* [What you will do]: Set down the entries below exactly, leaving out all images.

* [Working data]:

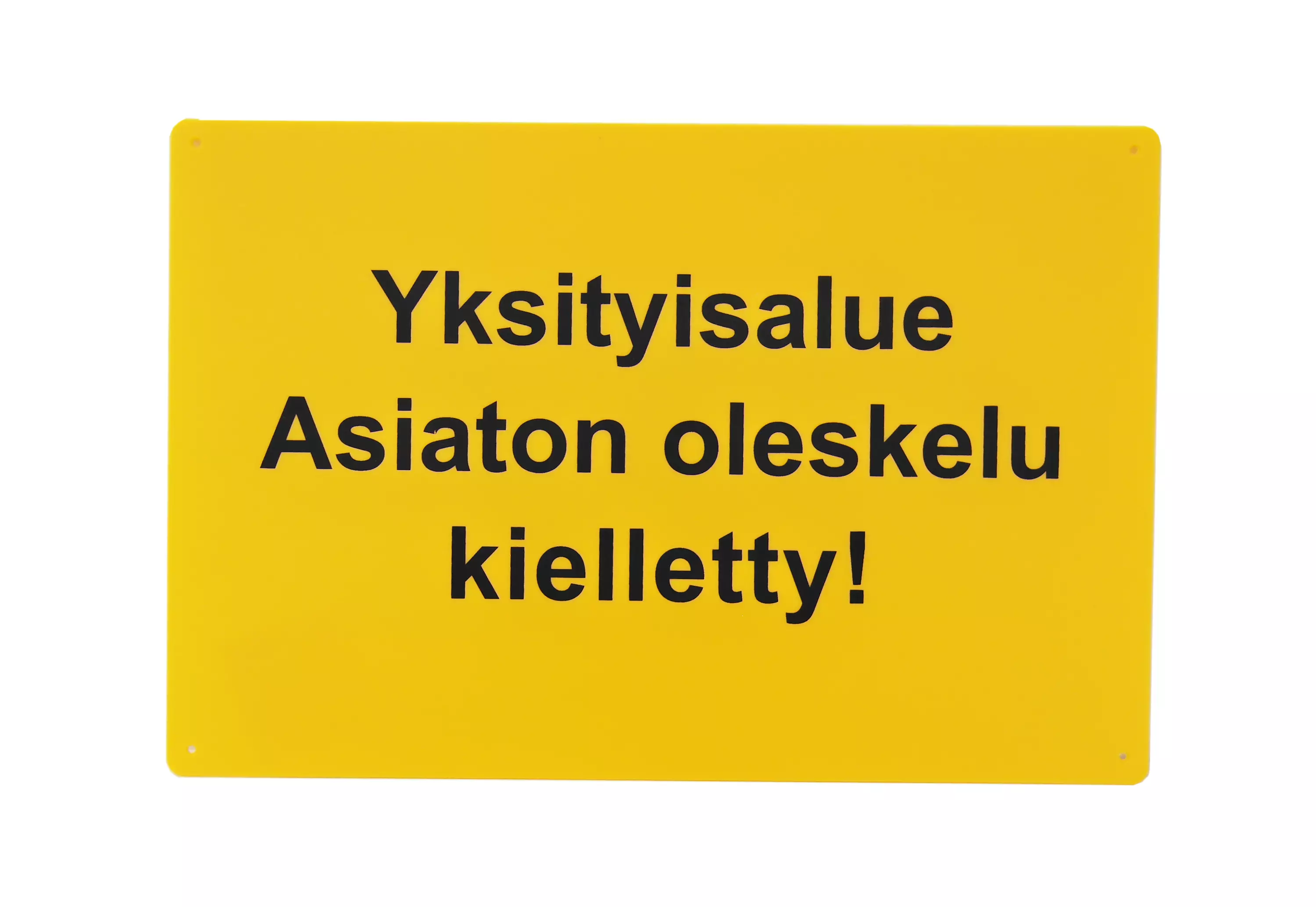 Yksityisalueesta kertova 30 x 20 cm varoitusmerkki ruuvikiinnityksellä.
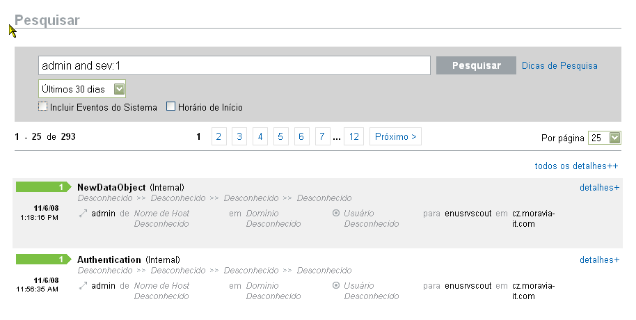 Para pesquisar um valor em um campo específico, use o nome abreviado do campo (para obter mais informações, consulte a Tabela 4-1), dois-pontos e o valor. Por exemplo, para pesquisar uma tentativa de autenticação do Identity Audit feita pelo usuário2, digite o seguinte texto no campo de pesquisa:
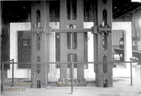Test of Reinforced Concrete Frame in 600,000 Pound Testing Machine | University of Illinois Archives
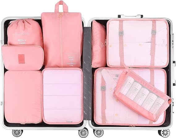 - 7 TRAVEL LUGGAGE ORGANIZERS SET: Includes 3 different sizes of packing cubes organizers( large:10-12 shirts, medium:7-9 Shirts, small: 5-6 shirts), 1 bra underwear bag,1 toiletry bag, 1 laundry bag and 1 zippered bag. Easily packing your luggages neat and tidy in your 21-25 inches suitcase, carry-on bag, drawers and backpack for short or long journey
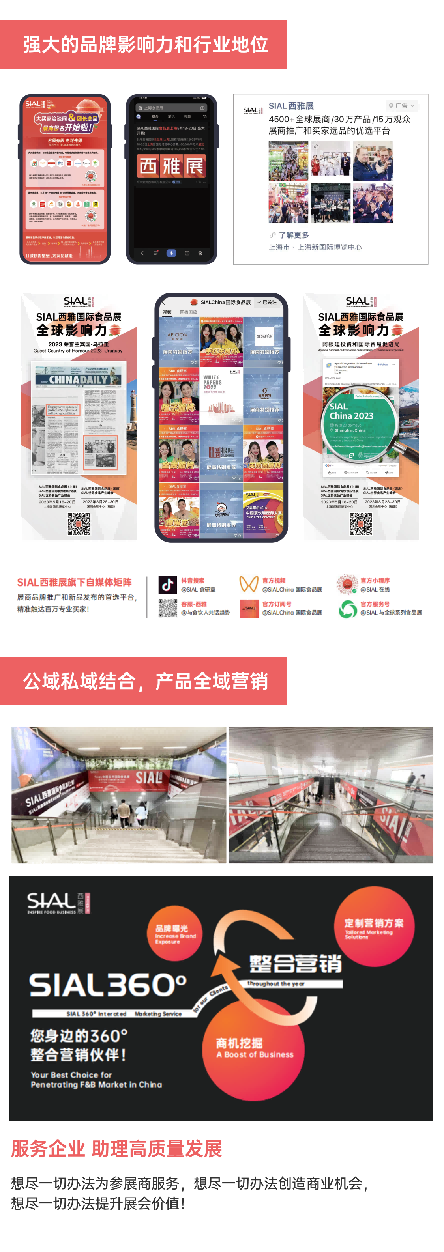 SIAL作為國際領(lǐng)先的食品飲料大展,不僅擁有強大的品牌影響力、豐富的專業(yè)買家資源,還具備全鏈路、全觸點、全洞察的能力。它以數(shù)據(jù)驅(qū)動,以消費者為中心,全面覆蓋展前、展中、展后,構(gòu)建了一個智能化營銷矩陣,幫助企業(yè)提升品牌知名度、發(fā)掘商機、促進產(chǎn)品流通。
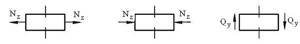 - поперечные силы в любом сечении равны алгебраической сумме проекций всех внешних сил, действующих на отсеченную часть стержня, на поперечные оси y, x.
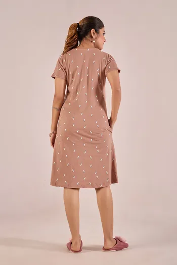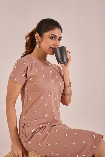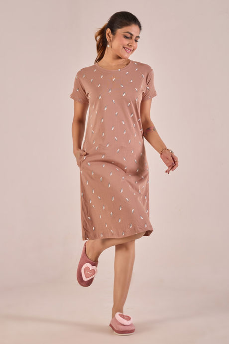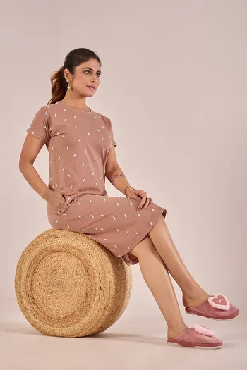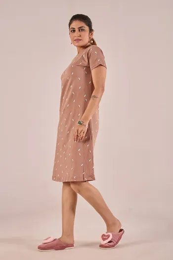 Sweet Moon Knit Cotton Mid Length Nightdress - Warm Clay
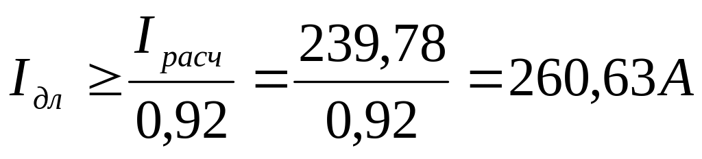 Принимаем алюминиевый кабель с тремя жилами АВВГ2(4×95) с длительно допустимым током Iдл =260,63 А,
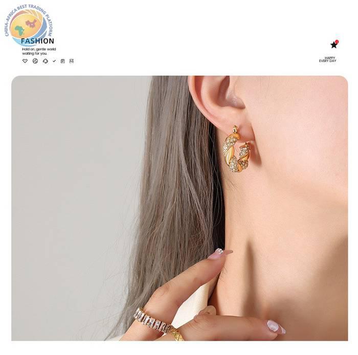 European and American fashion U-shaped titanium steel gold-plated zircon twist earrings ins style earrings

* [Response area]:
 Yksityisalueesta kertova 30 x 20 cm varoitusmerkki ruuvikiinnityksellä.
 Para pesquisar um valor em um campo específico, use o nome abreviado do campo (para obter mais informações, consulte a Tabela 4-1), dois-pontos e o valor. Por exemplo, para pesquisar uma tentativa de autenticação do Identity Audit feita pelo usuário2, digite o seguinte texto no campo de pesquisa:
Test of Reinforced Concrete Frame in 600,000 Pound Testing Machine | University of Illinois Archives
 - 7 TRAVEL LUGGAGE ORGANIZERS SET: Includes 3 different sizes of packing cubes organizers( large:10-12 shirts, medium:7-9 Shirts, small: 5-6 shirts), 1 bra underwear bag,1 toiletry bag, 1 laundry bag and 1 zippered bag. Easily packing your luggages neat and tidy in your 21-25 inches suitcase, carry-on bag, drawers and backpack for short or long journey
 SIAL作為國際領(lǐng)先的食品飲料大展,不僅擁有強大的品牌影響力、豐富的專業(yè)買家資源,還具備全鏈路、全觸點、全洞察的能力。它以數(shù)據(jù)驅(qū)動,以消費者為中心,全面覆蓋展前、展中、展后,構(gòu)建了一個智能化營銷矩陣,幫助企業(yè)提升品牌知名度、發(fā)掘商機、促進產(chǎn)品流通。
 - поперечные силы в любом сечении равны алгебраической сумме проекций всех внешних сил, действующих на отсеченную часть стержня, на поперечные оси y, x.
 Sweet Moon Knit Cotton Mid Length Nightdress - Warm Clay
 Принимаем алюминиевый кабель с тремя жилами АВВГ2(4×95) с длительно допустимым током Iдл =260,63 А,
 European and American fashion U-shaped titanium steel gold-plated zircon twist earrings ins style earrings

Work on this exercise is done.